Sospecho
que es el olfato el sentido más raro y menos próximo. Todo se ve y se mira, se
gusta lo que se puede y se convierte en materia de choque y de contacto, se oye
ruido continuo (aunque se escucha poco o tal vez nada), se toca sin cuidado y
como al mando de un impulso iniciático. Pero se huele poco; o eso parece a
simple vista.
Tal
vez es el olfato ese sentido oculto que te pone en contacto con los otros, que
despierta del sueño y pone en guardia al resto de sensaciones. Desde el olfato
nos vamos a la vista, a saciar la curiosidad de lo que vela el olor y lo que
esconde su esencia; desde el olfato nos vamos a dejar que todo fluya y se
escuche y se toque, y se guste, y se goce o se sufra.
Acaso
es el olfato el sentido más denso y más espiritual pues siempre es solo indicio
que lo que viene luego, de lo que está detrás de las especias, de ese
significado oculto que aguarda a ser descifrado; con él el mundo se hace a la
vez más gustoso y más extenso, pues todo se puede multiplicar en la
interpretación de lo que huele. La vida se hace así más atractiva pues desde el
olfato se sugiere después de haber reducido las cosas a sus simples indicios.
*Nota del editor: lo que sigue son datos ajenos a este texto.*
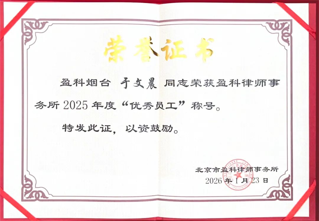 于文晨荣获盈科律师事务所2025年度“优秀员工”称号。
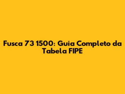 Fusca 73 1500: Guia Completo Da Tabela FIPE

Es
el olfato entonces como el primer vagido, como si el primer eco nos levantara
hasta el nivel de la existencia, como si fuera el ángel que nos anuncia todo…
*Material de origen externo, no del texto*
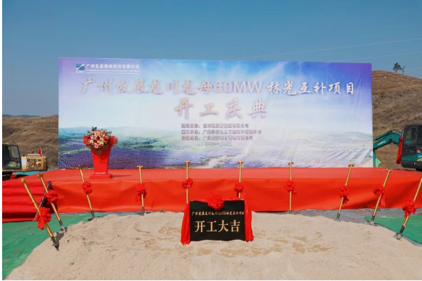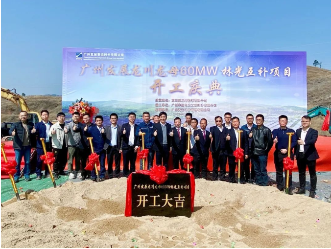 在礼炮奏乐的喜庆氛围下,领导及嘉宾为广州发展龙川龙母60MW林光互补项目奠基培土,表达对项目的美好祝愿,也表达了全心全意为项目实施提供良好服务的决心。

Nuestro ánimo entonces se despierta, se pone en pie y espera con la esperanza
cierta de que algo va a pasar o está pasando.
Y
es casi todo lo que pasa por el filtro del olfato. Porque se huele todo. Se
huele la presencia de la vida, el despertar oscuro o luminoso, las páginas
azules de los libros y ese denso ambiente del suelo tras la lluvia, la candidez
de un niño mientras duerme, el susurro de amor que esconde ese perfume o el
rechazo al que apunta cualquier otro… Se huele con amor el pan caliente que
adensa hasta el ambiente de la casa, el plato compartido con paciencia, la
soledad de un hijo y la alegría de su estado feliz y positivo…
Todo
termina oliéndose, como señal primera, como intuición solemne, como vislumbre y
feliz presentimiento, como primera conquista y primer aprehendimiento, como
inicial posesión. Ay de aquel que no sepa oler y no se deje llevar por el amor
de sus señales, que no tenga deseos de hincar bien las narices en todo lo que
asoma por la vida, que no coma primero del olor de todo lo que a su lado crece
y se desgrana.
Dicen
que los niños no ven bien cuando nacen y que no empiezan a distinguir hasta que
no se asientan en la vida. Seguro que su olfato sí distingue la segura presencia
de la madre y el olor algo tan extraño de ese nuevo destino que es su vida. Después
llegan los días, y con ellos las horas escondidas y las posibilidades, que tal
vez se despeñen sin habernos dejado ni siquiera noticia de su existencia. Hay que
oler los principios de la vida y empaparnos con todas sus fragancias, oler la
rosa antes de verla y cogerla y tocarla y sentirla y gozarla… Y seguir oliéndola
hasta morir con ella y sus efluvios.